→ DATA BELOW
****
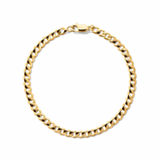 Crafted in solid gold, this flat curb link bracelet is defined by precisely engineered, tightly interlocked links that create a seamless, fluid drape around the wrist. Each surface is meticulously high-polished to achieve a deep, mirror-like lustre, enhancing the bracelet’s sculpted profile and weight.
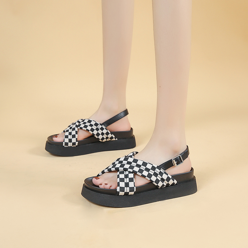 2022夏季凉鞋休闲鞋女鞋子凉鞋韩版时尚潮沙滩鞋布露趾松糕鞋
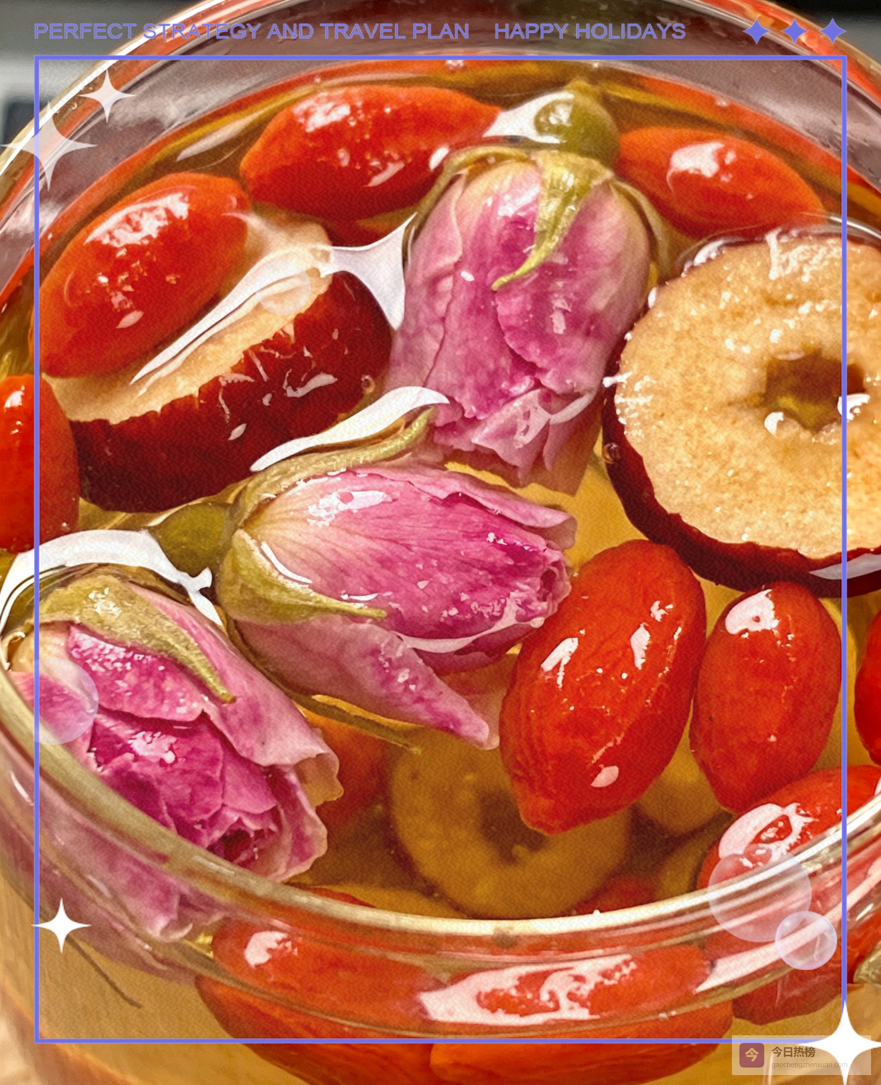 为什么它有效:玫瑰疏肝理气,打通气血瘀堵;枸杞+红枣双剑合璧,把“红润光泽”写进DNA。每天一杯,脸色像上了腮红滤镜,素颜也敢直视镜子。
****
Give back the material above exactly as written, but omit the images.

 Crafted in solid gold, this flat curb link bracelet is defined by precisely engineered, tightly interlocked links that create a seamless, fluid drape around the wrist. Each surface is meticulously high-polished to achieve a deep, mirror-like lustre, enhancing the bracelet’s sculpted profile and weight.
 2022夏季凉鞋休闲鞋女鞋子凉鞋韩版时尚潮沙滩鞋布露趾松糕鞋
 为什么它有效:玫瑰疏肝理气,打通气血瘀堵;枸杞+红枣双剑合璧,把“红润光泽”写进DNA。每天一杯,脸色像上了腮红滤镜,素颜也敢直视镜子。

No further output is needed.